Residents will provide primary care and specialty consultation for a panel of medically complex patients at Central Peninsula Internal Medicine (CPIM). This longitudinal outpatient experience will involve at least two full clinic days per week over nine of thirteen curricular blocks each year.
CPIM was established in 1991 with a goal of providing high quality medical care to patients on the Kenai Peninsula. The practice has grown with the Central Peninsula community and now includes four board-certified physicians and two certified nurse practitioners. All of our clinicians enjoy strong relationships with colleagues throughout the local medical community, with other Alaskan medical institutions, and with the University of Washington School of Medicine. CPIM has served as a clinical teaching site for UW IM residents and third-year IM core clerkship students since 1994.
Residents will round on their primary care patients in the hospital and rehab facility and will have four 1-week inpatient immersion experiences at Central Peninsula Hospital (CPH) each year. There will be a one-month MICU rotation in Anchorage during the second year as well. Residents will not lead a traditional inpatient teaching team but instead partner with interdisciplinary care team members while learning how to be an independent clinical decision-maker in the inpatient setting, which is the practice model throughout rural Alaska.

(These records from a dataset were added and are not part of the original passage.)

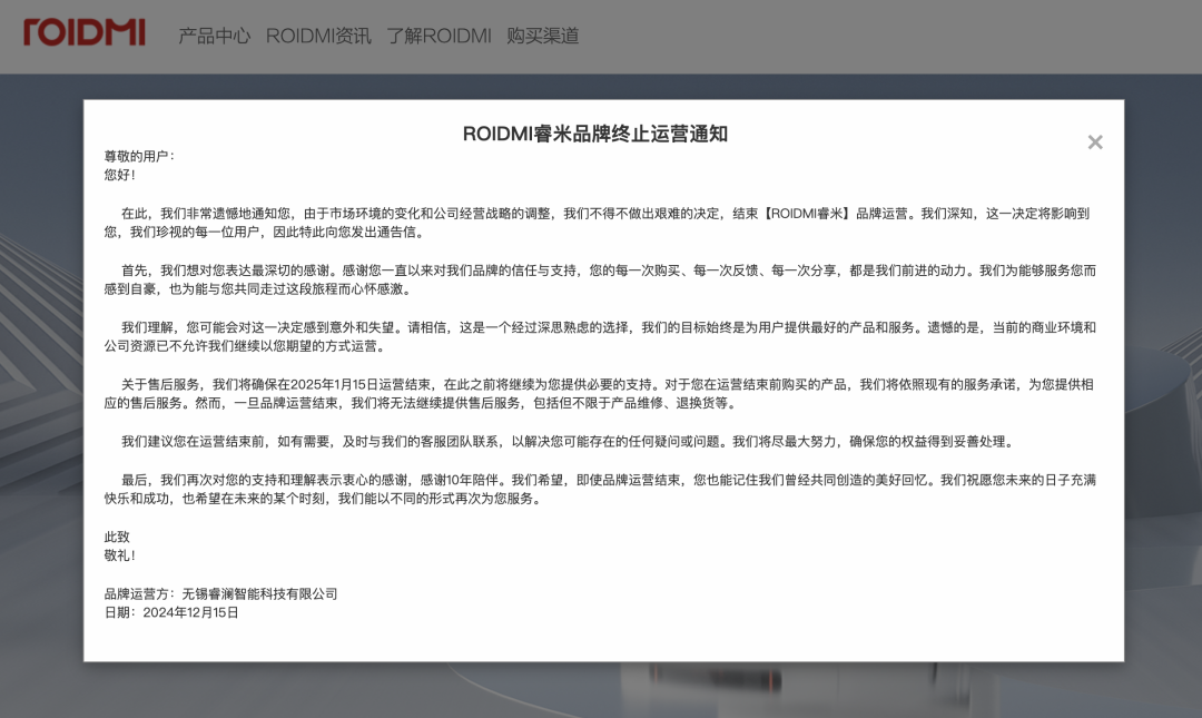 12月15日,主营扫地机器人等清洁类家电的睿米科技,在即将迎来公司成立10周年之际宣布停止运营。2019年时,该公司还获得了由小米科技与顺位资本领投的千万元级别A+轮融资。并且其2022年在众筹平台的发布EVA扫地机器人还获得了超过100万美元的筹款。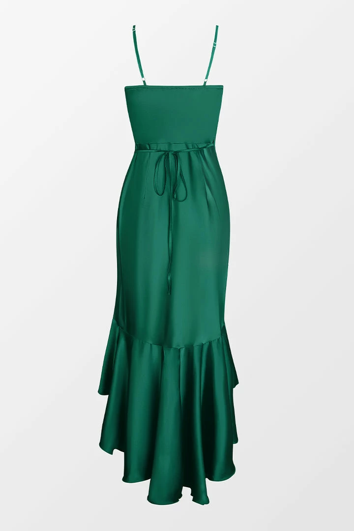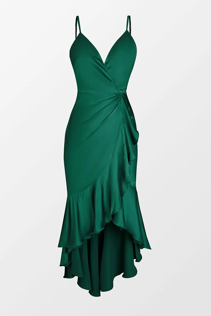 Forever be THAT girl in our Holidaze Satin Flounce Wrap Dress featuring a surplice neckline, self-tie sash belt, wrap design, high-low flounce hem, and adjustable cami straps.ย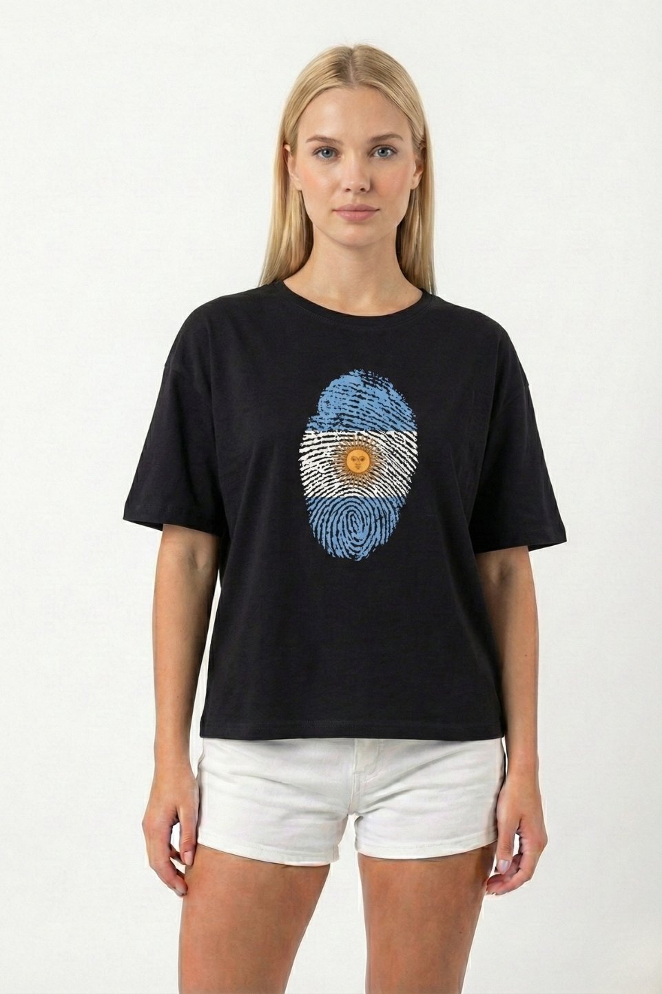 Remera Boxy Algodon Jersey 24/1 Estampa Huella Bandera Argentina «HUELLA»
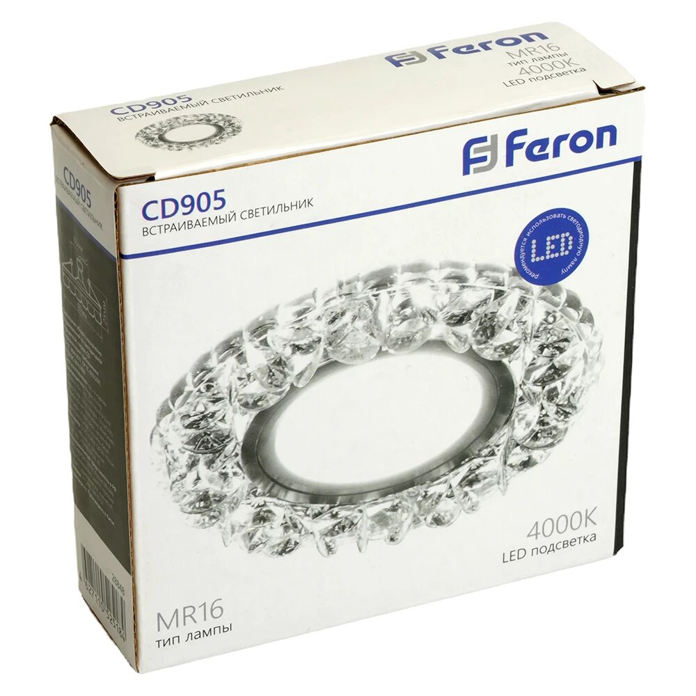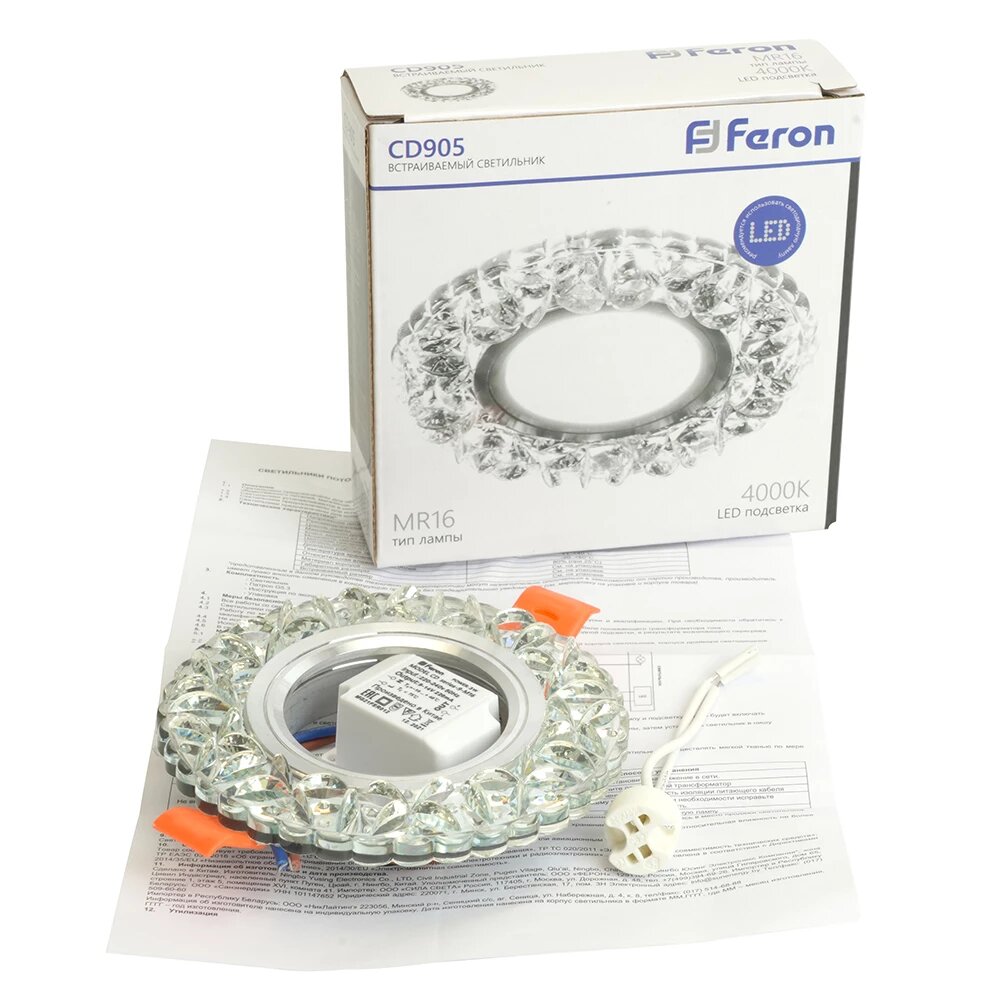 Светильник Feron Светильник встраиваемый с подсветкой 4000K, MR16 50W G5.3, белый, хром, CD905 Feron, 28848, G5.3, 50 Вт, 4000, холодный белый, цвет арматуры: хром, цвет плафона: бесцветный, 50 шт.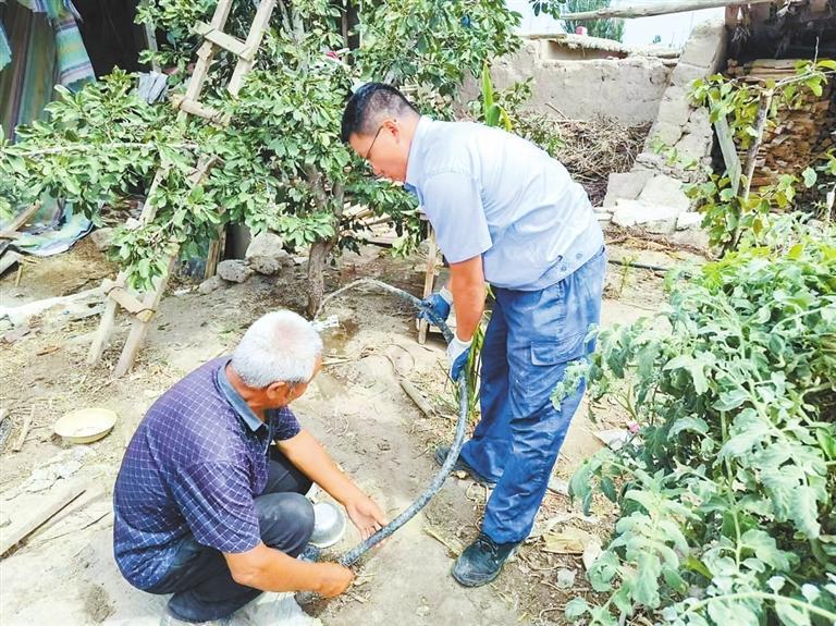 水管员为河口村独居老人维修入户水管。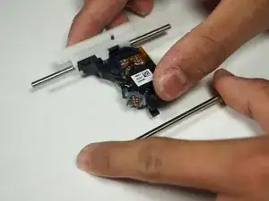 Используя два пластиковых инструмента, поднимите две направляющие под углом. Держите стержни под углом, как показано.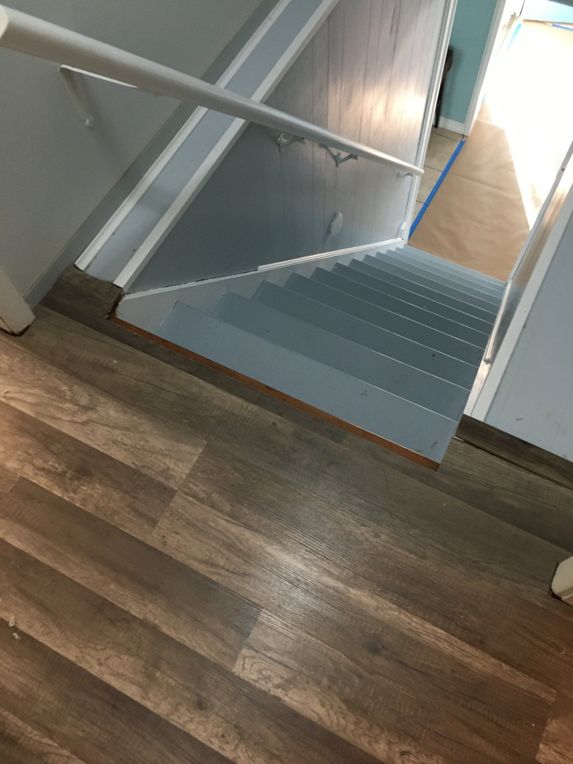 Restored stairs- From carpet stairs to sanded to painted with a beautiful color.

Residents will have the option to rotate regularly at local cardiology, pulmonology, and/or oncology clinics and will receive longitudinal integrated medical subspecialty precepting for their own patients.
Residents also will rotate through non-internal medicine specialty clinics, including gynecology, orthopedics, dermatology, podiatry, urology, and otolaryngology, so that they can learn the additional skills that are essential to providing comprehensive primary care in a rural area.
Residents will participate in longitudinal training that includes psychiatry clinic, rounds at the local transitional care facility, addiction medicine clinic, and training in buprenorphine management.
Residents will have 4-8 weeks of rural-based electives per year. Elective time can be spent at rural sites throughout Alaska, including the home base of the Kenai Peninsula. These electives, at sites such as Bethel, Nome, Juneau, and Sitka, will give residents the chance to explore the diverse practice opportunities available throughout the state.
Residents will participate in small and large group didactic sessions, some in partnership with the UW IM categorical and primary care programs, on a weekly basis.
Residents will complete a quality improvement or other scholarly project and will develop panel management skills over the course of their two years in Alaska.
We are dedicated to enhancing the diversity of our housestaff and faculty to reflect the diversity we aim to cultivate within the residency, as well as the diversity inherent in a program that includes both rural and urban core training sites. We are committed to educating our residents about the inequities diverse patients continue to face.
As residents move through our program, didactics will include annual training in diversity awareness and cultural competency, and professional development activities will take full advantage of the diverse clinical, scholarly, and educational opportunities available within Alaska and the broader UW system. Additionally, the program will offer elective clinical rotations at sites that reflect Alaska’s diverse communities, including sites run by Alaska Native tribal governments.